***** Material supplied

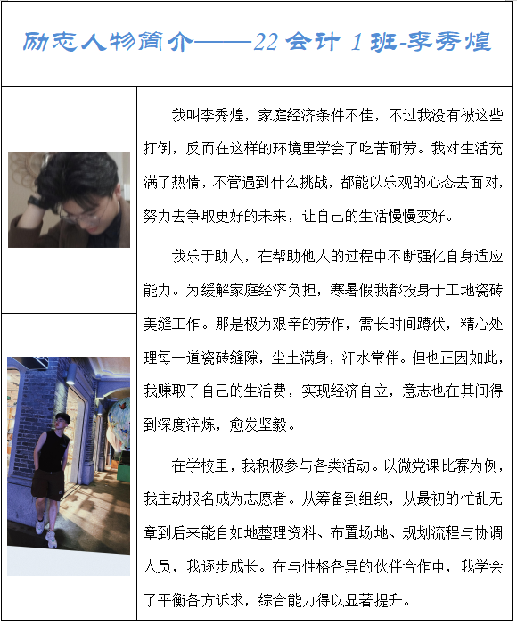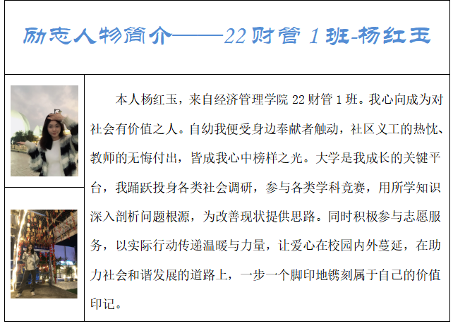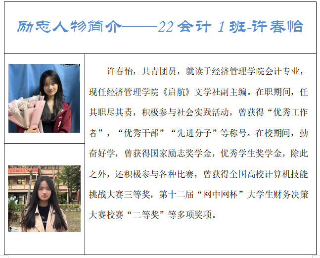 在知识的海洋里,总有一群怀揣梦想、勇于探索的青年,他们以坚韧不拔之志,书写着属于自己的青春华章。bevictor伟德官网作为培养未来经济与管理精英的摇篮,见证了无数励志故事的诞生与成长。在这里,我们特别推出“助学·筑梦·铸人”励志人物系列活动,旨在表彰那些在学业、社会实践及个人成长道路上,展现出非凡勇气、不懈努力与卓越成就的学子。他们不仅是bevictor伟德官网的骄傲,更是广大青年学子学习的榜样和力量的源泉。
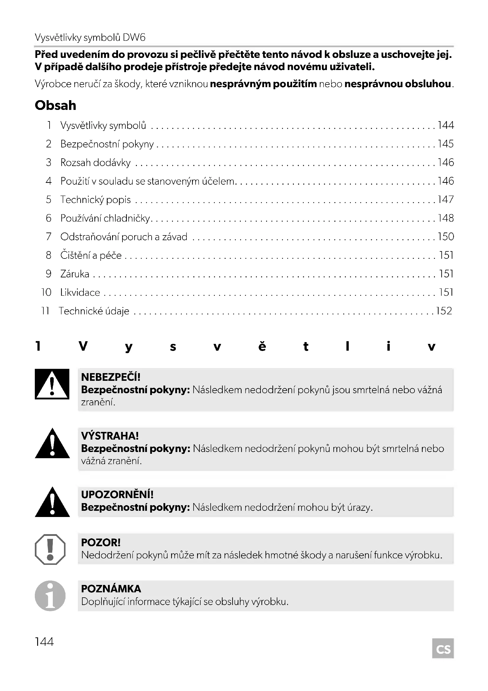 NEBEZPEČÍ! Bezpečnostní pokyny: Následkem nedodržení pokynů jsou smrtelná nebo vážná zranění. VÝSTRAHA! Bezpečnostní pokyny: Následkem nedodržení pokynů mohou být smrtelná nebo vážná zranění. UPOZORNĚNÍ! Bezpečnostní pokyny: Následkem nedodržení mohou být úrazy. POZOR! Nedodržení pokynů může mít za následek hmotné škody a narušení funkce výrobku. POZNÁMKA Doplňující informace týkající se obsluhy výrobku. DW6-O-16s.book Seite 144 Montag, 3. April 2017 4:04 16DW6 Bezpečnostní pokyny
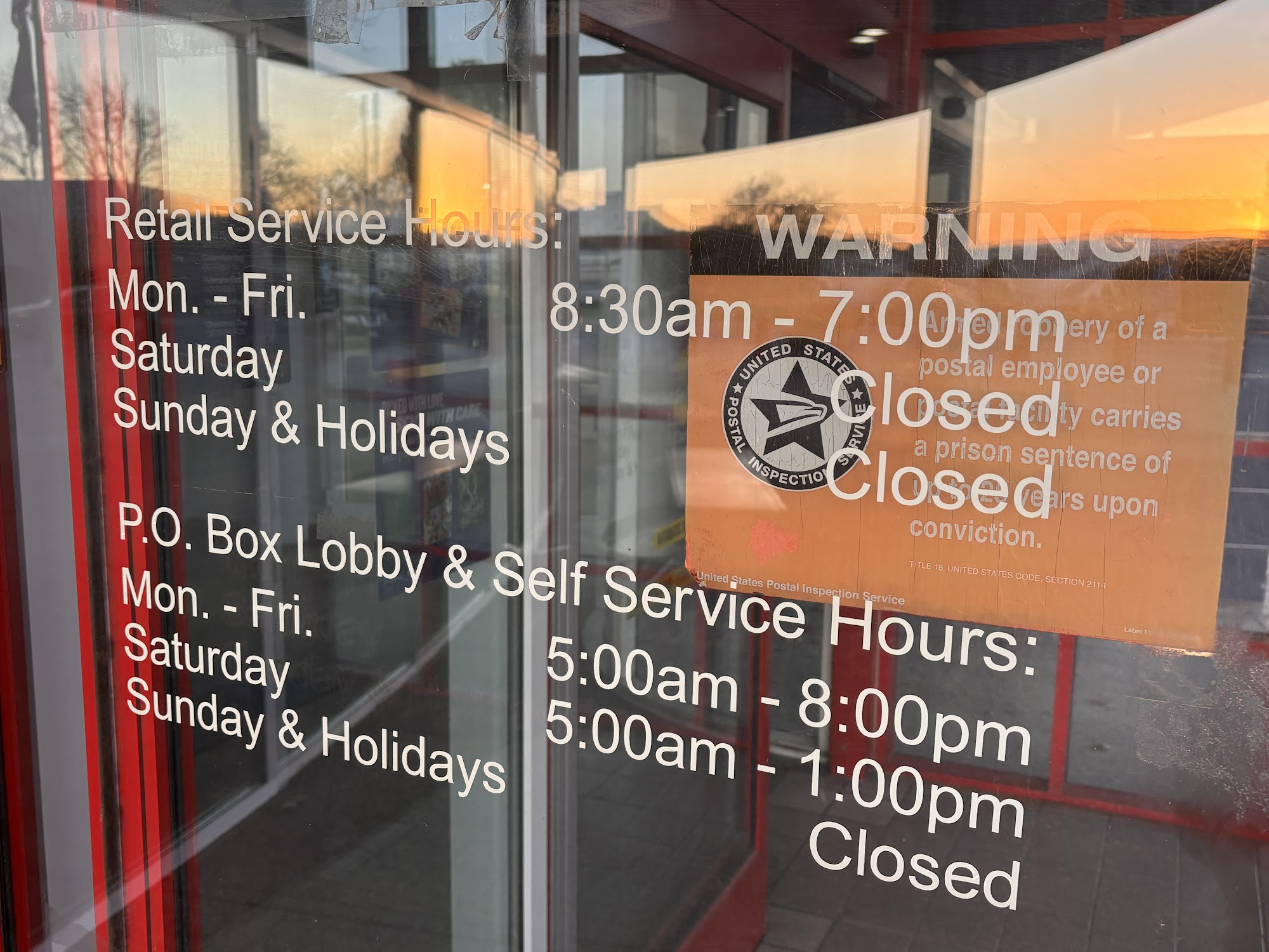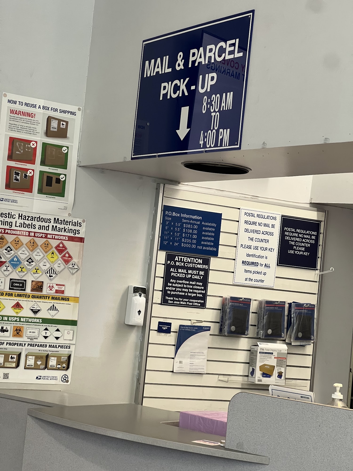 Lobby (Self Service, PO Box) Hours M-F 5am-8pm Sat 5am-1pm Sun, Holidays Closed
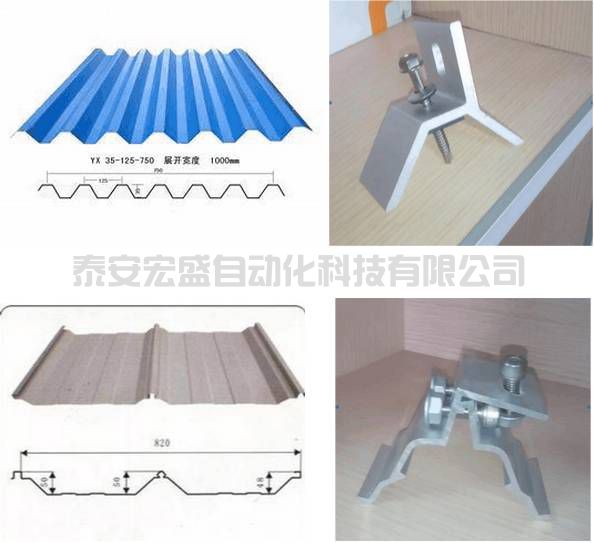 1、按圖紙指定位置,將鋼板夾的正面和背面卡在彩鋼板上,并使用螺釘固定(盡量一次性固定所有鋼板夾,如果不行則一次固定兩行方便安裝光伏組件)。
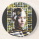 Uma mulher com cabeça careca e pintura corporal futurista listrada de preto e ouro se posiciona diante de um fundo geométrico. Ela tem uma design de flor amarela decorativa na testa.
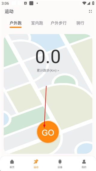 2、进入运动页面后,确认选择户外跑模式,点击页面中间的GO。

**********

■ **What you should do**
Each line from the one that holds "NEBEZPEČÍ! Bezpečnostní pokyny: Následkem" through the end of the entries must be returned exactly, while any pictures stay out.

■ **Expected output**
 NEBEZPEČÍ! Bezpečnostní pokyny: Následkem nedodržení pokynů jsou smrtelná nebo vážná zranění. VÝSTRAHA! Bezpečnostní pokyny: Následkem nedodržení pokynů mohou být smrtelná nebo vážná zranění. UPOZORNĚNÍ! Bezpečnostní pokyny: Následkem nedodržení mohou být úrazy. POZOR! Nedodržení pokynů může mít za následek hmotné škody a narušení funkce výrobku. POZNÁMKA Doplňující informace týkající se obsluhy výrobku. DW6-O-16s.book Seite 144 Montag, 3. April 2017 4:04 16DW6 Bezpečnostní pokyny
 Lobby (Self Service, PO Box) Hours M-F 5am-8pm Sat 5am-1pm Sun, Holidays Closed
 1、按圖紙指定位置,將鋼板夾的正面和背面卡在彩鋼板上,并使用螺釘固定(盡量一次性固定所有鋼板夾,如果不行則一次固定兩行方便安裝光伏組件)。
 Uma mulher com cabeça careca e pintura corporal futurista listrada de preto e ouro se posiciona diante de um fundo geométrico. Ela tem uma design de flor amarela decorativa na testa.
 2、进入运动页面后,确认选择户外跑模式,点击页面中间的GO。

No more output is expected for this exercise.